Wed, 22 Feb 06
This isn't exactly moronic, so it's not in the Moron Mail category. I just felt like commenting on it. Perhaps I'll put this on the unicorn site in some form. The name, IP address, email address, and other identifying aspects of the writer will not be revealed, of course. Here's the message, though:
If unicorns exist we need prove or everione will think your sayng something that is not true. Take a photo.
First of all, why should anything, including a unicorn, be obliged to prove it exists?
Secondly, saying something that's "not true" is pretty shaky ground when it comes to certain topics. How do we define "truth" anyway? Truth can be metaphorical, allegorical, it can be literal, it can be fact-dependant, it can depend on other factors. Is "The Ugly Duckling" by Hans Christian Anderson "the truth"? Well, no, it's a work of fiction, and it's not even true that most ugly ducklings grow up to be swans (most of us grow up to be ugly ducks), but is it some sort of lie? No, and why would anyone think that it is?
What is truth when it comes to fiction? I've heard that Mario Puzzo's "The Godfather" is very close to the actual lifestyle of the Mafia of the era in which it was set, that it "rings true" even though it's a work of fiction. Is it therefore "the truth"?
There's a big difference between being truthful and being literal, and sometimes one has nothing to do with the other.
As for photos, well, I'm pretty good with Photoshop. I could probably take a photo of a horse or a goat and combine it with a couple other things or hand paint some bits and get a reasonably convincing "unicorn" out of it. Photos don't mean anything. There are photos of Bigfoot, too, and even film footage, and there's a photo of the Loch Ness Monster, but they prove nothing. There's nothing about photographs that are particularly "truthful".
Anyway, I'm not sure what point the writer was trying to make, but it's pretty sure that s/he missed all the points I was trying to make.

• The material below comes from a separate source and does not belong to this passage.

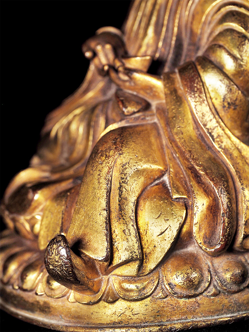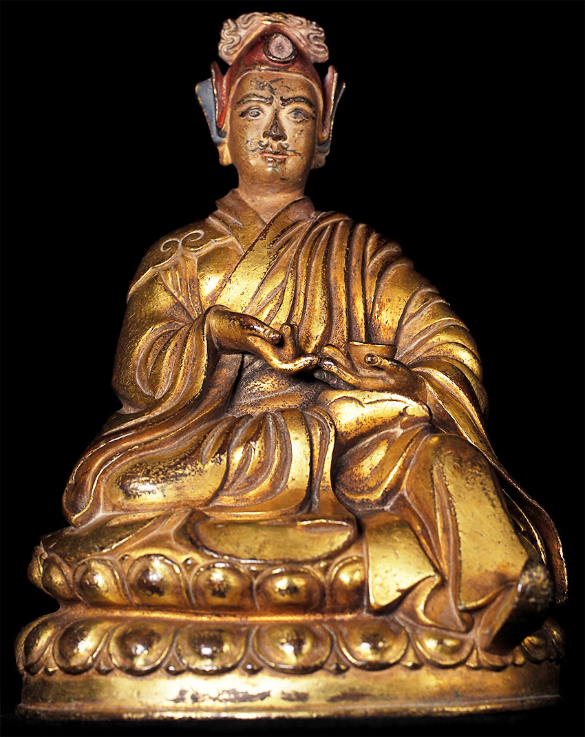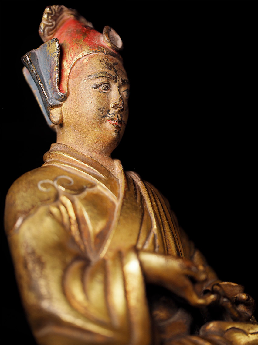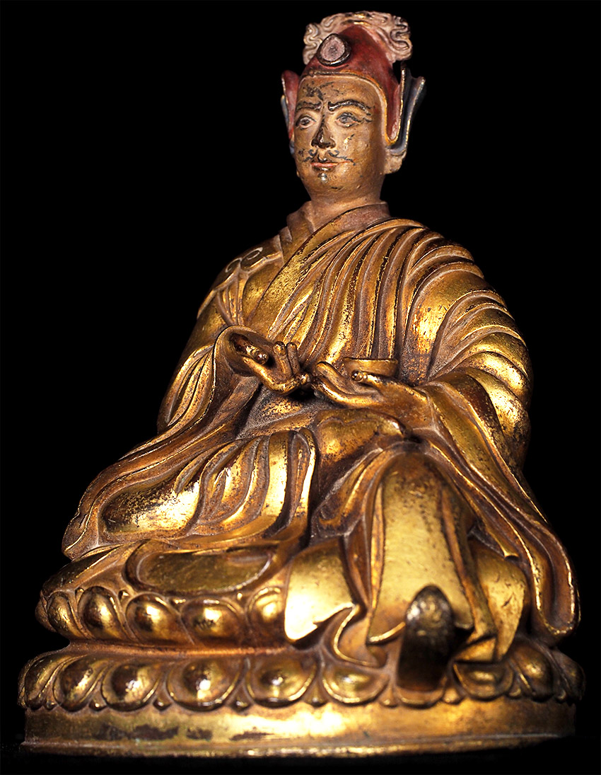 Materpiece Tibetan Bronze Portrait Sculpture. Look at the photos to see the incredible finesse in the robes- the sculpting and casting iis amazing. Note the amzing way the lotus base is "soft"-almost like a cushion. Looks to have good age- unsure how to date-likely several hundred years old. Measures 7" tall.

And not for the first time and probably not for the last, I think I'll just add that it's probably not necessary to take the contents of a personal website on the topic of unicorns too seriously. Just because it's on the World Wide Web doesn't mean it means anything. After all, anybody with a computer and a connection to the net can publish whatever they want on the web. Or write anything they want in their personal weblog...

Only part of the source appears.